Junior, stuck on the wrong wheel, tried to come around when Mr. Deliverance stopped pedaling, but the train had already left the station.

To demonstrate his unhappiness with the actions of the lead-out man who wasn’t even on his team, Junior stormed off, threw himself into his dad’s car, locked the doors, and pouted. Fumble-futz dad sheepishly collected the gear, then went over to Junior’s teammates and began making excuses for Junior’s bad performance–not Junior’s dramatic performance of “Hamlet, Prince of Pout,” but his dramatic failure to seal the win.

There were so many things wrong with this story. First, why was a 19-year-old at a P/1/2 bike race in February? Didn’t he have coursework at college he was supposed to study over the weekend, and weren’t midterms around the corner? Second, why was the father of a grown man even at the bike race? Aren’t normal parents embarrassed by adult children who race bikes? Third, why was his father making excuses to the team? And fourth, why hadn’t the dad jerked Junior out of the car by the scruff of his neck and said something along the lines of “If you ever lock me out again I’ll kick your snotty little fucking ass and make you walk home, after I sell your stupid fucking bike for a tank of gas.”

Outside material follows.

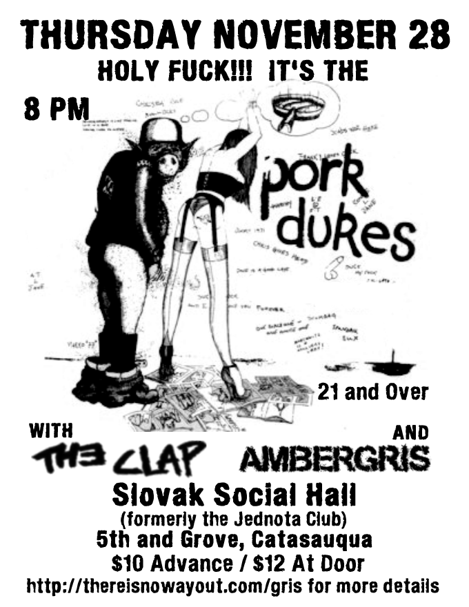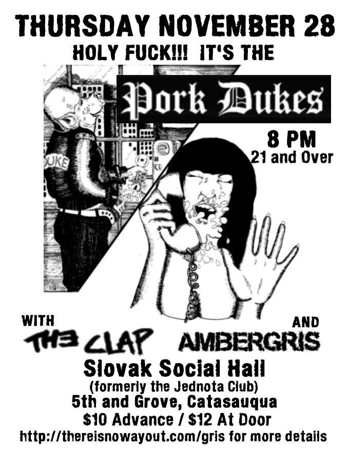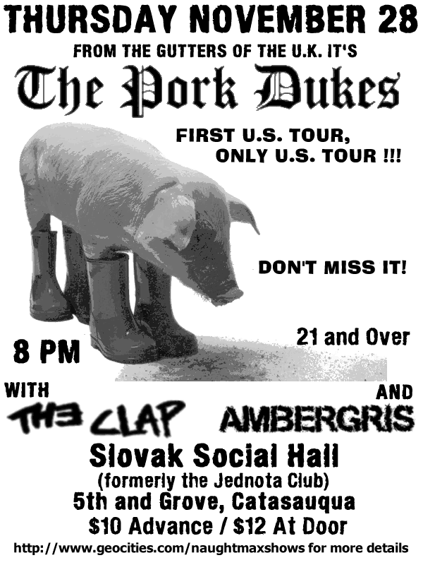 - 11/28/2002 – w/ Pork Dukes, The Clap, Slamhounds – The Jednota Club, Catasauqua PA flyer 2 flyer 3 flyer 4 flyer 5 flyer mini
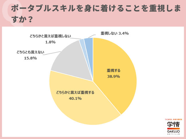 ポータブルスキルを身に着けることについて、「重視する」と回答した学生が38.9%に上りました。「どちらかと言えば重視する」40.1%を合わせると、約8割の学生が「ポータブルスキル」の習得を重視していることが分かります。「1つの企業、1つの部署でのみ役立つスキルではなく、どこでも活用できるスキルを身に付けたい」「就職した会社から転職するかもしれないので、どこでも通用するスキルを習得したい」「会社が倒産するなど、転職しないといけなくなった際に困らないようにしたい」「終身雇用ではないので、必須だと思う」「ポータブルスキルがあれば、より選択肢が拡がると思う」などの声が寄せられました。

The answer to all these questions is complex, but it boils down to “Mommas, don’t let your babies grow up to be bike racers.” Because if you do, chances are good that they’ll always be babies.

Junior’s story isn’t the first one I’ve heard from this trove of tales from the failed parenting vault. Somewhere along the way someone forgot to tell their son that bike racing, unless pursued as a hobby, is a dead end. Over the years, excepting Lance Armstrong and Marco Vermeij, I’ve never seen a kid being “groomed for the pros” who actually made it as a Pro Tour rider or even anything close. What I’ve seen are rabid parents throwing money and pressure on kids, teaching them to spend their time cycling instead of getting good grades, and winding up with almost-good-enough-but-not-quite long term deadbeats. I’ve seen a lot of that.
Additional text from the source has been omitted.